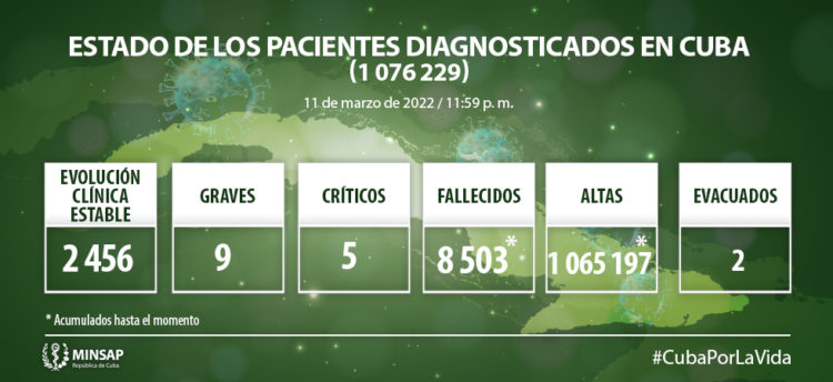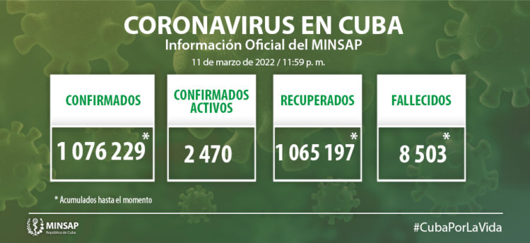 Cuba acumula un millón 76 mil 229 diagnosticados con el patógeno desde hace exactamente este día dos años de los primeros casos detectados y la cifra total de víctimas fatales como consecuencia de la pandemia se mantuvo en ocho mil 503.
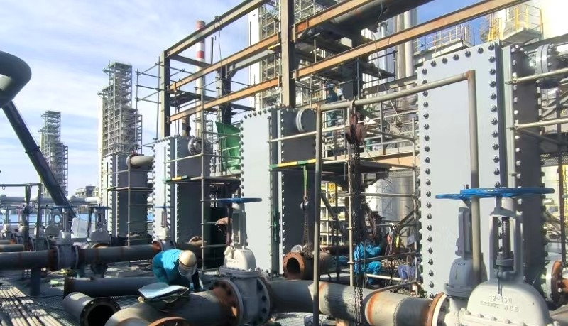 上海艾克森结合在石油化工、煤化工、新能源等领域的成熟应用经验,重点推介了适配石油化工领域的全系列高效换热产品和解决方案。可拆式板式换热器具备高效换热、结构紧凑、占地面积小的核心优势,通过波纹板片优化设计、密封系统升级与流体流道合理排布,可满足化工介质换热、余热回收等常规工况需求。针对石油化工项目的介质特性,该产品可在材质选型、清洗维护、温度压力适配等方面灵活调整,有效降低项目初期投资与运维成本。(镇海炼化PE装置)
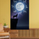 Silhouette of a husky howling on a cliff under a huge full moon revealing the constellations
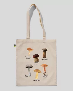 TORBA BAWEŁNIANA na zakupy grzyby. Nadruk na torbie na zakupy przedstawia grzyby występujące w Polsce. Bawełna z certyfikatem Fairtrade rozmiar ok. 38x42 cm ...
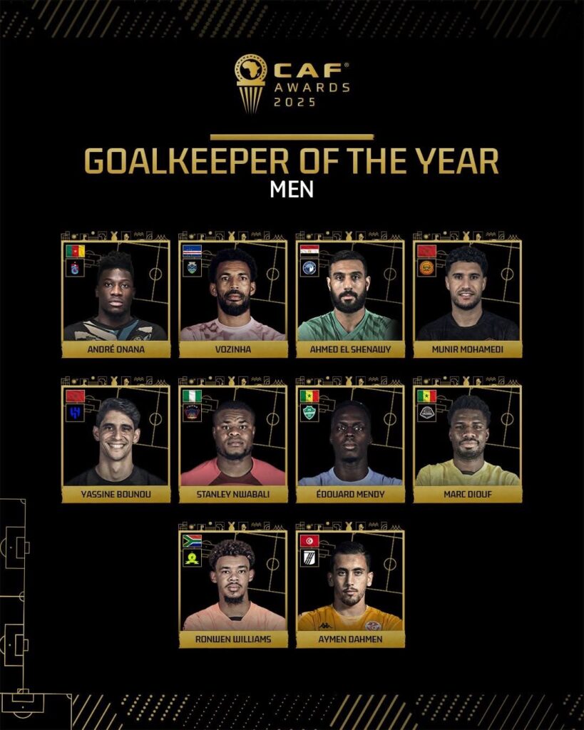 وعلى صعيد حراس المرمى، يتنافس الدوليان المغربيان ياسين بونو ومنير المحمدي على جائزة أفضل حارس إفريقي، وجاء اختيار بونو بعد أن احتل المركز الخامس في جائزة ياشين لافضل حارس في العالم، ووصوله إلى ربع نهائي كأس العالم للأندية مع ناديه الهلال السعودي، فيما توج المحمدي مع نهضة بركان بالدوري المغربي وكأس الكونفيدرالية الإفريقية، ليكونا أبرز الحراس الأفارقة هذا العام.

▸ What to work on:
Your copy should hold exactly the lines from the line containing "Silhouette of a" through the last line of the listing above, both included, and no pictures.

▸ Solved problem:
 Silhouette of a husky howling on a cliff under a huge full moon revealing the constellations
 TORBA BAWEŁNIANA na zakupy grzyby. Nadruk na torbie na zakupy przedstawia grzyby występujące w Polsce. Bawełna z certyfikatem Fairtrade rozmiar ok. 38x42 cm ...
 وعلى صعيد حراس المرمى، يتنافس الدوليان المغربيان ياسين بونو ومنير المحمدي على جائزة أفضل حارس إفريقي، وجاء اختيار بونو بعد أن احتل المركز الخامس في جائزة ياشين لافضل حارس في العالم، ووصوله إلى ربع نهائي كأس العالم للأندية مع ناديه الهلال السعودي، فيما توج المحمدي مع نهضة بركان بالدوري المغربي وكأس الكونفيدرالية الإفريقية، ليكونا أبرز الحراس الأفارقة هذا العام.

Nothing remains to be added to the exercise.